Rybelsus works differently than other diabetes pills, lowering blood sugar in three ways:
by increasing the release of insulin from the pancreas when blood sugar is high;
decreasing the release of sugar from the liver;
and slowing the process of food leaving the stomach after eating.
Rybelsus is a unique co-formulation of semaglutide and an absorption enhancer called SNAC (sodium N-(8-[2-hydroxybenzoyl] amino) caprylate), which facilitates absorption of semaglutide in the stomach, making it possible to provide semaglutide as a pill. Hooray, a lot of tech dev in the delivery!
Novo Nordisk is working with health insurance providers to ensure broad insurance coverage and patient access to Rybelsus. Eligible, commercially insured patients may pay as little as $10 for a one- to three-month prescription of this medicine.

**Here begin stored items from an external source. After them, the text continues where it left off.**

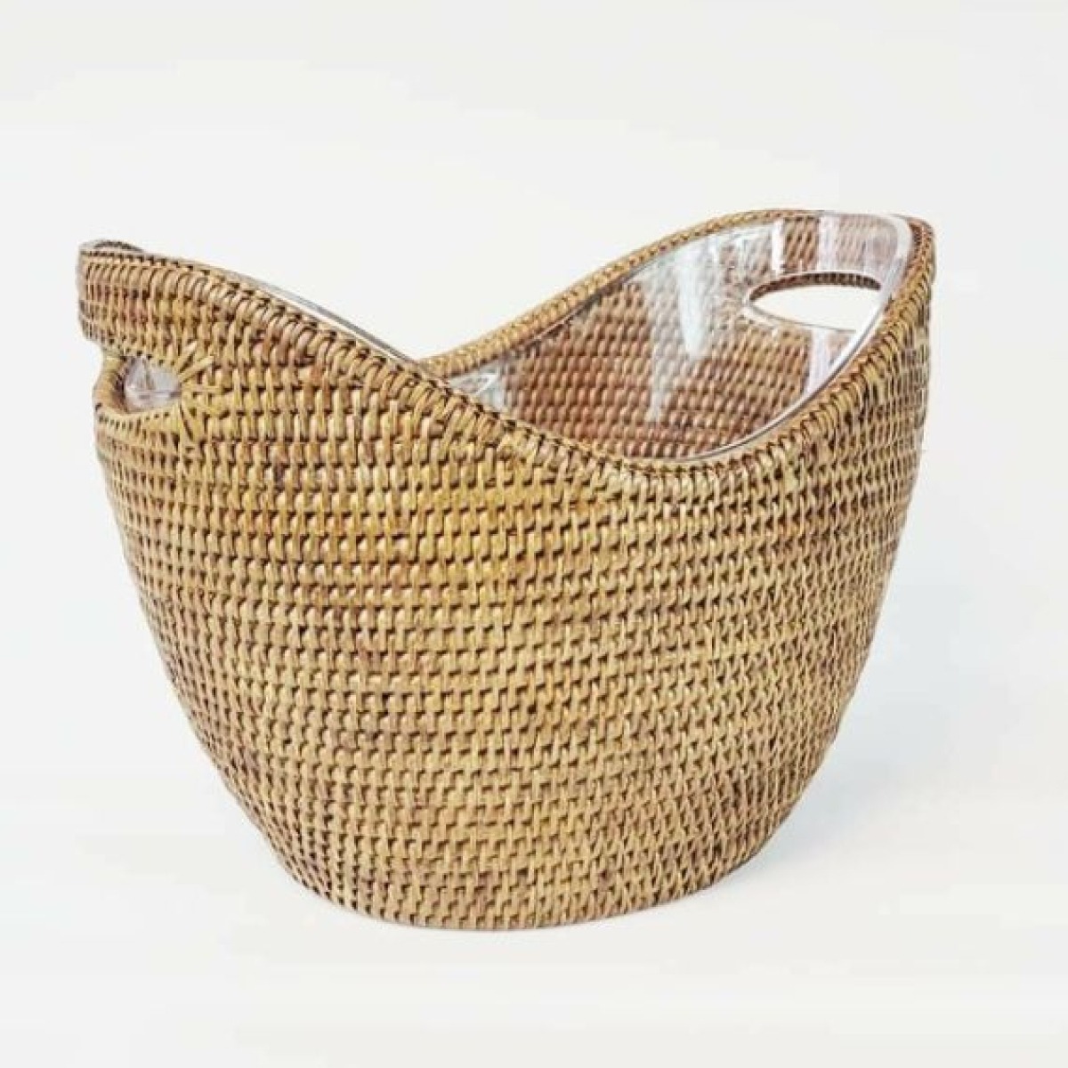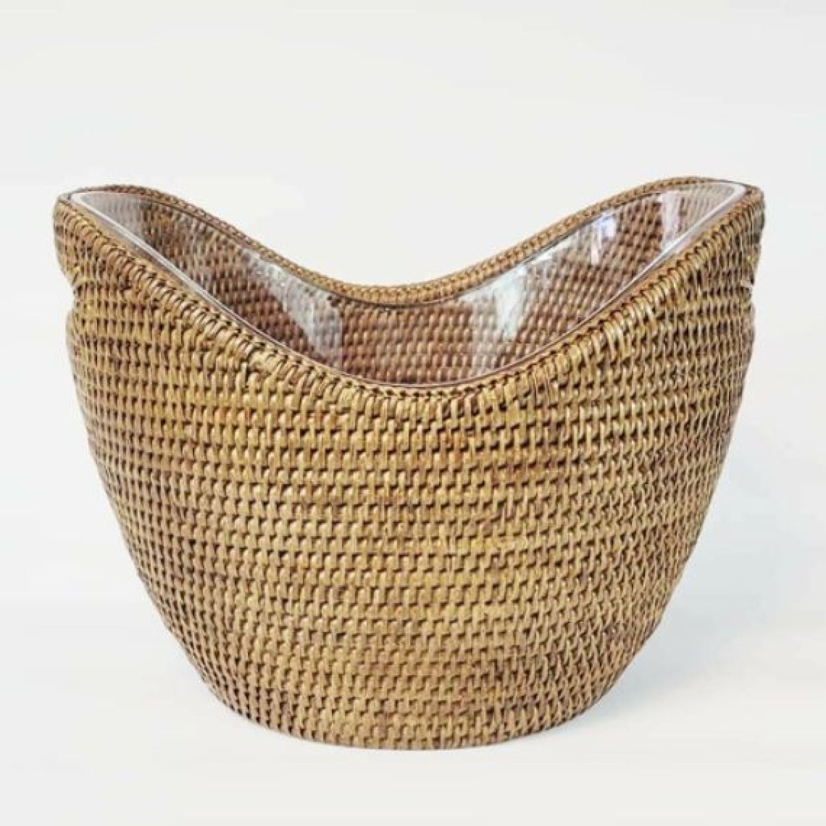 A champanheira CHEER tem sua parte interna em acrílico, o que confere leveza e transparência ao seu revestimento que é o rattan. Seu design é elegante e fica muito bem em qualquer ambiente, interno ou externo.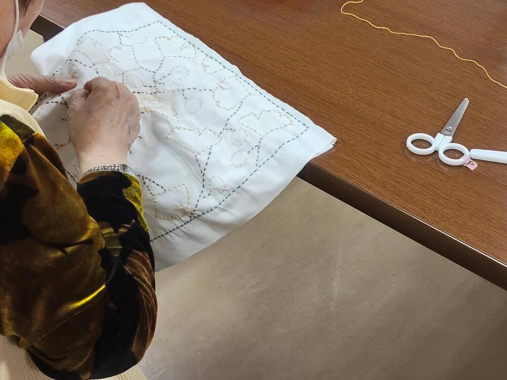 毎週行っている手芸の活動ですが、実は、**「楽しみながら行うリハビリ」**として非常に優れた効果があります。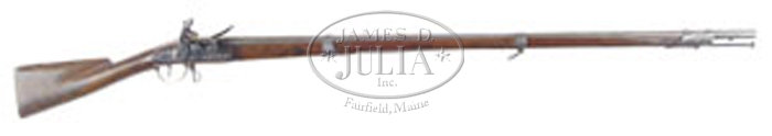 NEW HAMPSHIRE 2ND BATTALION FRENCH MUSKET. French Mod 1766 inf. musket dated (17)73 on the bbl with period armory modifications/repairs: bayonet lug on bottom of bbl (1771), no retaining spring or lower bbl band (introduced in 1773), brass bushing in touchhole. The stock cartouche is a crown over 2 letters, the first a “C”. The side plate is marked “P.F.” and rubbed on the right side of the letters appearing at g lance to be “FI”. Lockplate markings are light, most likely Charleville or Mauberge. Orig. 1766 pattern lock. The bbl is full-length and shows marks on top left breech: “73” indicating date of mfg. & NH battalion markings “NH 2 B No. 472”.On bottom of bbl at breech is “D” & fleur-de-lis with several small sunken rectangular cartouches. Bottom of bbl shows antitwist lug near muzzle, and a bayonet lug. Lug for ramrod retaining spoon spring is missing, but bbl notch for lug is present as is the stock cut-out for spoon. Touch-hole shows period brass bushing, but lock is orig. Ramrod is orig. Approx. 11,000 French arms arrived in Portsmouth Harbor in March, 1777. About 2100 were allocated to NH for its 3 battalions of inf. in the Continental Army, and were marked with state battalion and rack numbers. These weapons saw action at Saratoga, Valley Forge, in the Philadelphia campaign, on Sullivan’s expedition against the Iroquois, and then in the North Department. In the hands of NH light inf. companies, some probably also saw service in the south and at Yorktown. They are the only American regimentally marked longarms of the Revolution. The 2nd NH Battalion, from which this musket comes, saw the heaviest service of the NH regiments. Its flags may still be seen at the NH Historical Society. Out of some 12,000 French longarms brought into Portsmouth Harbor in March, 1777, about 2100 were allotted to NH to arm its 3 battalions serving in the Continental line. A Portsmouth silversmith was hired to make the stamps with which to mark the muskets and bayonets. Markings consisted of a ligatured “NH” followed by a number and a “B”, designating either the First, Second or Third battalion, then “No” and the rack number of the weapon. Bayonets were marked only with the rack number. Rack numbers run to about 700, corresponding to the established strength for Continental Army infantry battalions. 4-57424 (7,000-10,000)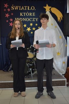 Zwieńczeniem akademii był wyjątkowy koncert kolęd i pastorałek. Młodzież, przy akompaniamencie perkusji, saksofonu, gitary klasycznej oraz akordeonu, przypomniała najpiękniejsze polskie kolędy. W finale do wspólnego śpiewu dołączyli wszyscy zgromadzeni – było radośnie, wzruszająco i bardzo świątecznie.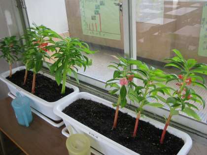 教室のホウセンカもつぼみから花が咲き,実ができてきました。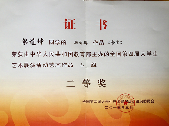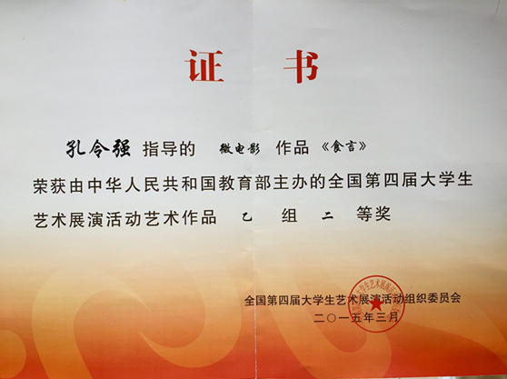 2月26日至3月2日,由教育部和天津市人民政府主办的全国第四届大学生艺术展演活动评选及现场集中展演在天津举行。我院广播电视编导(艺术传媒)专业梁道坤同学的微电影作品《食言》在评选活动中荣获艺术作品类专业组二等奖,孔令强老师荣获指导教师二等奖。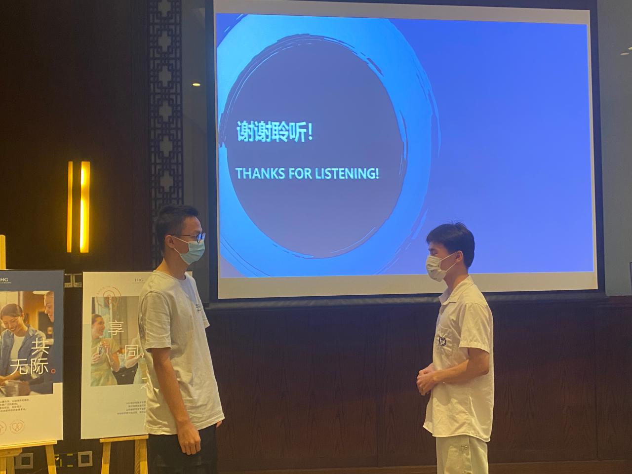 在课题汇报环节,公司2020级酒店管理专业同学分别从会员招募、问题处理、提高客房清洁度、为客人提供意想不到的惊喜、如何安抚客人在排队等候过程中的不良情绪、入住体验、如何减少自助餐食品的浪费等7个维度,全面而详细地对华彩洲际酒店在经营中可能改善的方面进行了总结列举,并有针对性地提出了解决对策。如会员招募小组为优悦会设计了全新的ip形象,惊喜服务小组提供了很多细节式打动人心的服务建议,减少自助餐浪费小组通过情景剧方式表达了不同类型顾客的真实想法并提出了具体的服务措施,入住体验小组更是完全以顾客的身份实地办理入住,以第一人称视频拍摄的角度带领大家沉浸式体验酒店服务全过程,并针对实际入住中发现的问题逐一阐述切实可行的对策建议。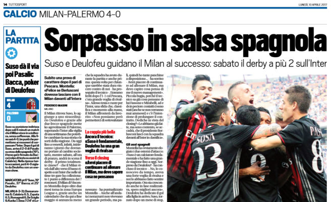 “Il Milan ritrova Suso, lo aggiunge a uno straordinario Deulofeu e grazie alle due frecce spagnole mette ko agevolmente il Palermo, superando l’Inter alla vigilia di una settimana che potrebbe cambiare la sua storia e le sorti della stagione. Da oggi fino a venerdì, infatti, inizieranno i giorni che dovranno portare al cambio societario, mentre sabato, all’ora di pranzo, andrà in scena il derby – il primo totalmente cinese? – che il Milan vivrà dall’alto verso il basso rispetto a un’Inter che nelle ultime tre gare ha collezionato 1 punto a differenza dei 7 rossoneri. Il Milan di Vincenzo Montella dopo oltre due mesi torna in zona Europa League e, grazie anche un calendario che da qui a fine maggio si annuncia meno complicato degli avversari, può davvero sognare il ritorno nelle coppe europee dopo tre stagioni di assenza. Il vantaggio sull’Inter, da confermare o migliorare nel derby, è ora di 2 punti, ma soprattutto si è allontanata la Fiorentina, ora distante 5 lunghezze senza contare che l’Atalanta, quinta, è a soli 2 punti e la prossima settimana sarà in trasferta all’Olimpico contro la Roma. «Io voglio arrivare in Europa – ha tuonato Montella dopo la vittoria di ieri -. Penso proprio che possiamo qualificarci, ero ottimista prima della partita col Pescara e lo sono di più adesso. La lotta rimane comunque dura e ardua». Verso il derby Il Milan ieri, grazie anche al gol dell’1-0 di Suso su punizione dopo sei minuti, si è di fatto allenato contro un Palermo che non è parso combattivo come la sua classifica richiederebbe. Detto ciò, i rossoneri non hanno però ripetuto l’errore di una settimana fa, quando non si approcciarono nel modo giusto alla trasferta in Abruzzo. Elemento su cui proprio Montella si è voluto soffermare: «La cosa che mi è piaciuta di più è stato l’atteggiamento che la squadra ha avuto durante la partita e anche prima: questa volta per chiunque sarebbe stata dura vincere contro di noi – ha proseguito il tecnico -. Eravamo feriti dopo l’1-1 col Pescara, c’era grande voglia di rivalsa». Adesso testa e cuore per l’Inter, una sfida che, classifica e momento alla mano, il Milan affronterà da favorito: «Non possiamo però permetterci di sottovalutare nessuno – ha puntualizzato Montella -. Anche all’andata i nerazzurri non vivevano un grande periodo, ma pareggiarono in extremis perché nelle partite importante sanno tirare fuori l’orgoglio». Closing e futuro Ovviamente Montella ha parlato anche dell’extra campo: «La Roma? Ho casa lì, quindi ho tante panchine a disposizione… – ha sorriso – Avrei piacere di continuare ad allenare il Milan, ma devo capire cosa pensa di me il nuovo management». Piccola bugia, perché il tecnico sa già cosa pensano di lui Fassone e Mirabelli, ad e ds in pectore: contatti ci sono stati (anche se non verranno mai ammessi) e c’è l’intenzione di prolungare il contratto. Dediche in vista del closing? «Le abbiamo già fatte, ma sono contento, se accadrà, che il presidente Berlusconi lasci con la squadra davanti all’Inter in classifica». Gli assi spagnoli Montella ha ovviamente elogiato i due esterni d’attacco: «Suso è un calciatore fondamentale e ha fatto una grande stagione fino a oggi. Sorpreso da Deulofeu? – ha concluso il tecnico -. No, lo conoscevo da tempo, aveva una forte voglia di rivalsa e noi lo abbiamo fatto sentire importante. Ora sta crescendo anche in fase realizzativa, spero migliori ancora». Deulofeu ha dedicato il gol alla figlia in arrivo; Suso, tornato dopo un mese di stop, ha invece segnato il suo settimo gol e si avvicina al derby più carico che mai, lui che all’andata realizzò una doppietta: «Siamo scivolati contro il Pescara, ma ci siamo ripresi e con l’Inter dobbiamo almeno non perdere».”. Questo quanto scritto su “Tuttosport”.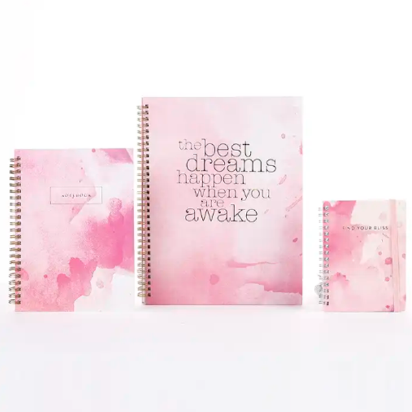 High quality girls favor pink spiral exercise notebook with custom printing service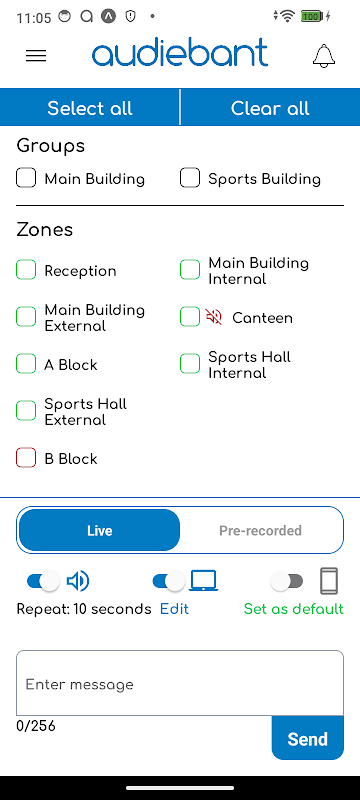The Audiebant - Urgent Announcements Application allows for urgent announcements to be broadcast across your sites, and/or individual zones.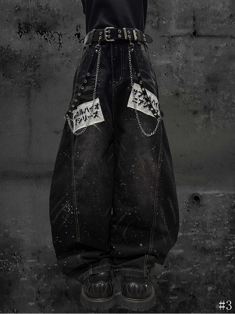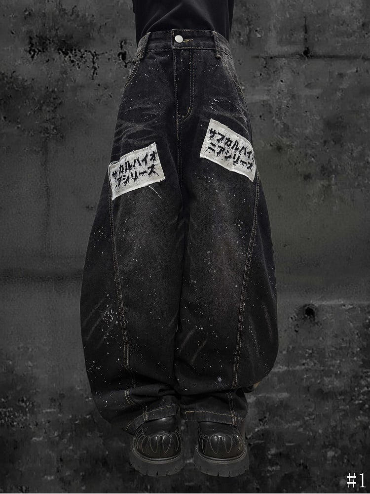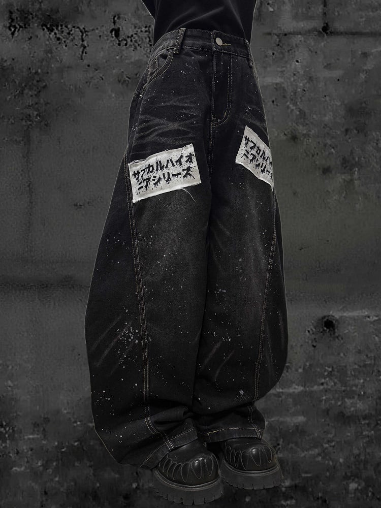 Vintage Black Splatter Wide-Leg Jeans with Text Applique Accents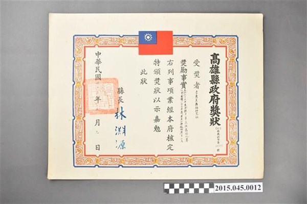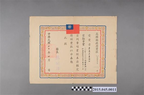 高雄縣政府表彰李惠美辦理五十七年度社教工作成績優良獎狀 -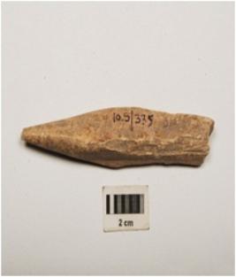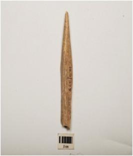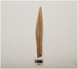 | Description / विवरण | Bone spearhead with polished surface and partly broken pointed end, rectangular in section and broken at flat end. |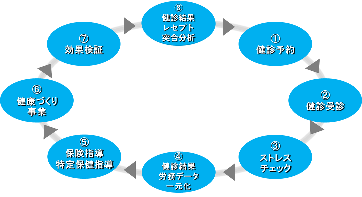 AD健保との協働により、毎年、健康診断予約からスタート。健診結果、ストレス チェック、労務データ、等をシステム上で一元化し、保健指導、特定保健指導、健康づくり事業等を実施し、効果検証を行い、レセプトとの突合分析を行います。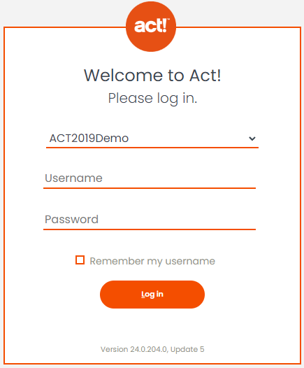 Enter your Act! Database Name. This is the name displayed when you first log into your Act! for Web through a browser.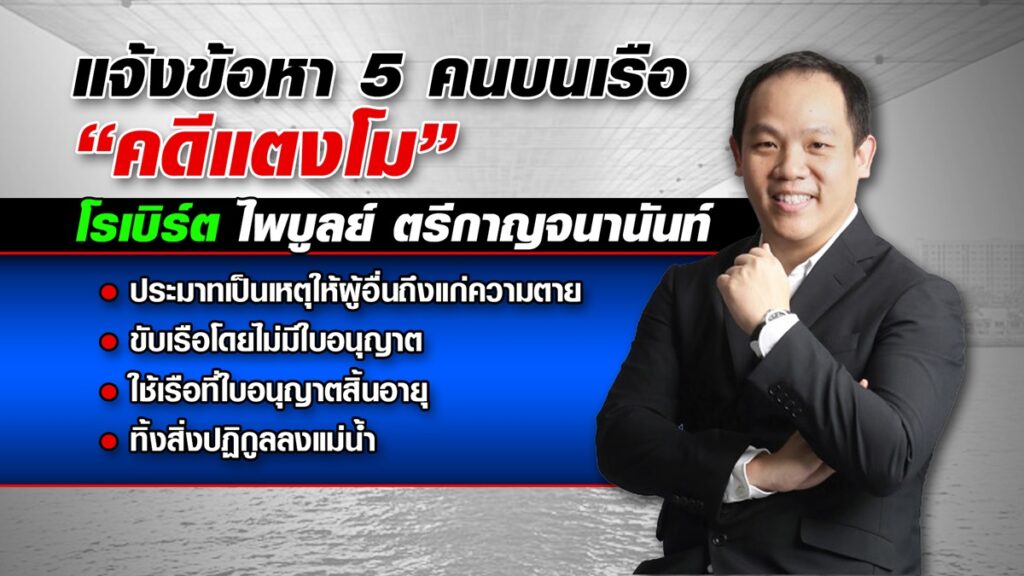 - นายไพบูลย์ ศรีกาญจนานันท์ (โรเบิร์ต) ผู้ต้องหาที่ 2 มี 4 ข้อหา ได้แก่ ประมาทจนเป็นเหตุให้มีผู้เสียชีวิต, เป็นผู้ควบคุมเรือโดยไม่มีประกาศนียบัตร, ใช้เรือที่ใบอนุญาตสิ้นอายุแล้ว และทิ้งสิ่งของปฏิกูลลงในแม่น้ำลำคลอง
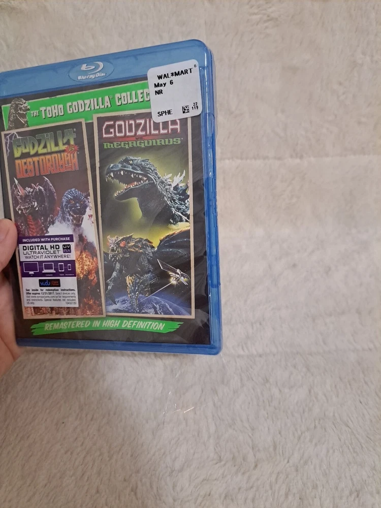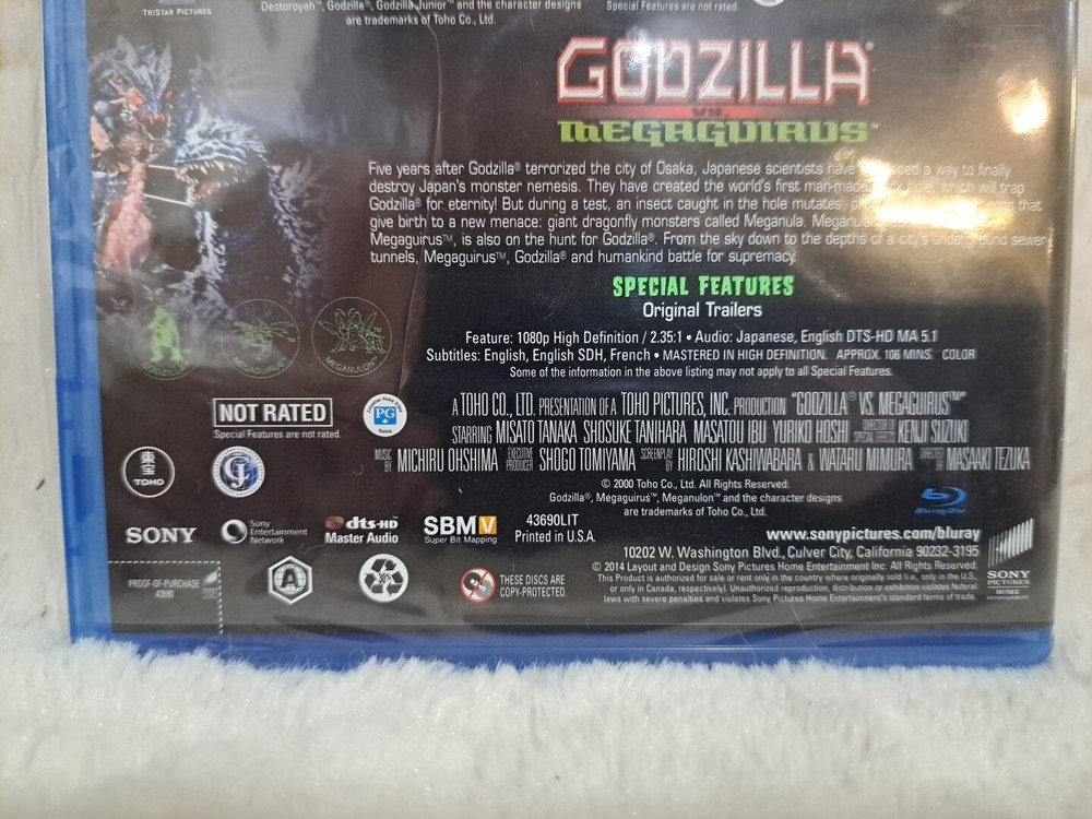 This Blu-ray disc features the epic battles of Godzilla Vs. Destoroyah and Godzilla Vs. Megaguirus, with a total runtime of 209 minutes. The disc is part of the ToHo Godzilla Collection, and is region coded for Blu-ray A. The movies are in the sci-fi-contemporary genre, and are rated NR. This item is not a former rental, and was manufactured in the United States by Sony Pictures. It is a must-have for any Godzilla fan, and is perfect for adding to your collection. The plastic is torn. This is a New disc! Visit and follow the store for more great finds!!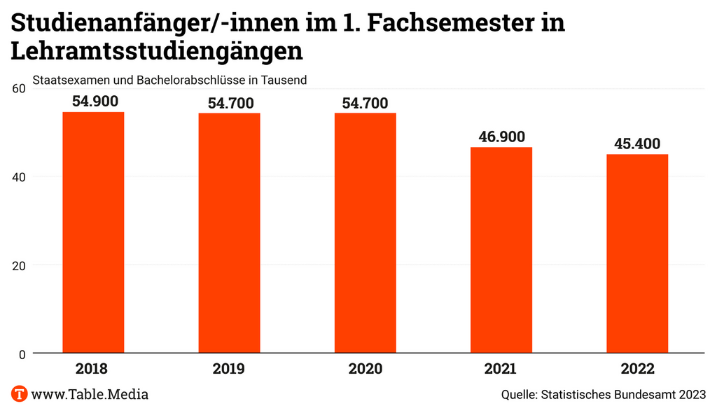 Der Lehrermangel an den Schulen droht sich auch mittelfristig weiter zu verschärfen. Die Zahl der erfolgreichen Abschlüsse im Lehrerstudium verharrt auf einem Zehnjahrestief. Aber auch die Zahl der Studienanfänger sinkt weiter. Vergangenes Jahr haben rund 10.000 weniger Bewerber ein Lehramtsstudium begonnen als vor fünf Jahren. Das zeigen neue Zahlen aus dem Statistischen Bundesamt. Im Jahr 2022 haben demnach 28.700 Studierende erfolgreich das Lehramtsstudium abgeschlossen. Neu angefangen haben 45.000 Studierende. Die Schulen sind vor allem im Bereich Sekundarstufe I und in Mangelfächern auf diese potenziellen Junglehrer angewiesen.

Positive results from a ongoing phase IIIb study evaluating the efficacy and safety of Rybelsus were recently announced by Novo Nordisk. The study, called PIONEER PLUS, aimed to compare the efficacy and safety of Rybelsus at doses of 50mg, 25mg, and 14mg in patients with type 2 diabetes who had previously received treatment with other oral glucose-lowering drugs. The study lasted 68 weeks, with the primary endpoint being the change in glycated hemoglobin levels (HbA1c) in patients at weeks 52 and 68.
The results showed that, when evaluated from a trial medication perspective (all patients adhered to Rybelsus treatment without the need for other type 2 diabetes medications), the 25mg and 50mg doses of Rybelsus were more effective in reducing HbA1c compared to the 14mg dose at week 52. Additionally, patients in the Rybelsus 25mg and 50mg groups experienced significant weight loss.